Paris - Shanghai : les échanges commerciaux (SHANGHAI, 1849-1946)
Le développement de Shanghai reflète le dynamisme commercial de la ville. Les progrès de la technique, les soubresauts de l'histoire et l'esprit d'entreprise des Chinois font le reste : en forçant le protectionnisme de la Chine, ils l'entraînent vers la modernité et une intégration à l'économie mondiale. Les progrès, source de la croissance de Shanghai, sont essentiellement liés à la rapidité des transports avec l'ouverture du canal de Suez en 1869 - l'Europe est alors à environ six semaines de la Chine - et au développement du télégraphe - la première ligne a été installée par les anglais en 1865 - outil au service de la diffusion rapide des informations. Les capitaux peuvent circuler plus aisément : quelques heures suffisent, quand il fallait des jours ou des semaines, pour que les commerçants passent leurs commandes de marchandises, connaissent le cours des matières premières, ou apprennent l'arrivée de produits manufacturés.

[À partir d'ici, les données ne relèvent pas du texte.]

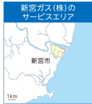
供給区域：和歌山県新宮市
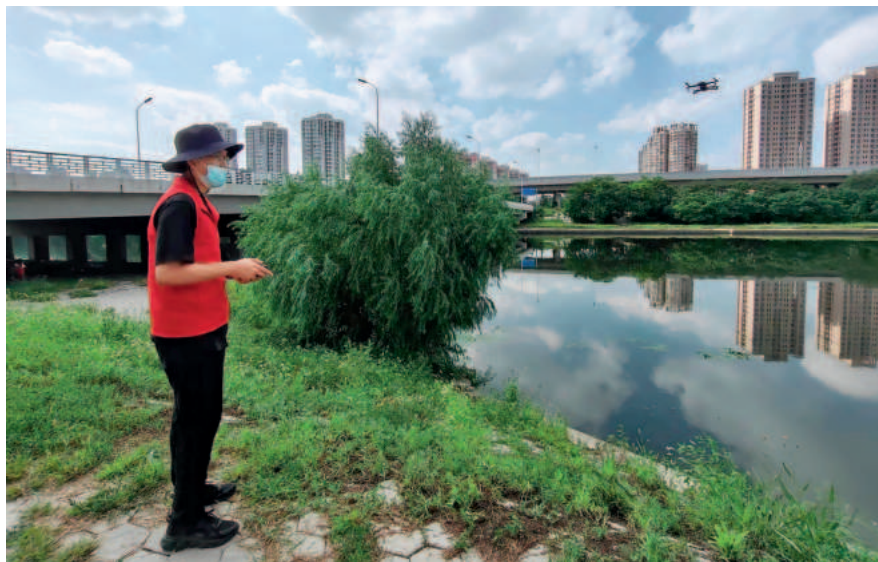
工作人员利用无人机对重点点位进行巡查

Les premiers arrivés dans la concession sont les négociants - dès 1849 - puis les armateurs - première ligne des Messageries en 1864 - suivis par les banquiers à partir de 1860. Le commerce se développe dans plusieurs directions : exportations de matières premières avec le thé, la soie, les tissus ; importations de produits ou denrées manufacturées avec les parfums ou le cognac ; circuits financiers avec les grandes banques ; services avec les Messageries maritimes , industries avec les usines (textiles, électricité… ).
Les soyeux
Dès les années 1830, le marché français de la sériciculture périclite, les soyeux lyonnais, ont besoin de prospecter de nouveaux marchés pour répondre à la demande de la noblesse et de la bourgeoisie. Juste après la succursale du Comptoir d'Escompte, le négoce de la soie représente 55% du chiffre d'affaires des sociétés installées en Chine. Les difficultés sont cependant nombreuses, en raison de l'irrégularité des récoltes, du manque de main d'œuvre performante, et de l'interdiction faite aux négociants par les autorités chinoises de recourir aux interprètes pour négocier avec les courtiers chinois. Les missionnaires installés dans les régions séricicoles sont alors les seuls à pouvoir débloquer la situation et bénéficient, en échange des services rendus, de cartes de sûreté délivrées par le consul et rédigées en chinois leur permettant de circuler sans entraves. Cependant, les troubles nés de la révolte des Taiping, la concurrence anglo-saxonne et allemande, les relations de plus en plus tendues entre le pouvoir consulaire et les négociants, la crainte d'une pénurie de matière première, ont conduit le gouvernement de Napoléon III à la fin du XIX e à se tourner vers le Tonkin, de préférence à la Chine.
Les banquiers
La première implantation bancaire date de 1860, avec le Comptoir d'escompte qui développe une stratégie asiatique, auquel succède la Banque russo-chinoise. La Banque de l'Indochine créée en 1875 ouvre une succursale à Shanghai en 1898, et devient rapidement la grande banque française en Chine, rejointe par le Crédit lyonnais et la Société générale. Si les commerçants français travaillent parfois avec les banques anglaises, négociants et banquiers sont toutefois des alliés objectifs. Les banques ont comme clients les petites banques chinoises par qui transite le commerce de l'intérieur : cocons de soie, thé, tissus, porcelaines… Le dialogue passe nécessairement par les intermédiaires chinois, les compradores. La Banque de l'Indochine tire sa force, dont l'immeuble sur le Bund est l'expression, de son savoir-faire lié à l'expérience (ses responsables, motivés et offensifs, restent longtemps en poste en Asie). Les français expatriés à Shanghai connaissent une période de grande prospérité et surmontent relativement bien les troubles et diverses guerres civiles, du moins jusque dans les années 1930. La montée du nationalisme et du communisme, les nombreuses grèves et émeutes, la répression qui s'ensuit, et enfin l'occupation par l'armée japonaise sonnent le glas de cette période d'expansion.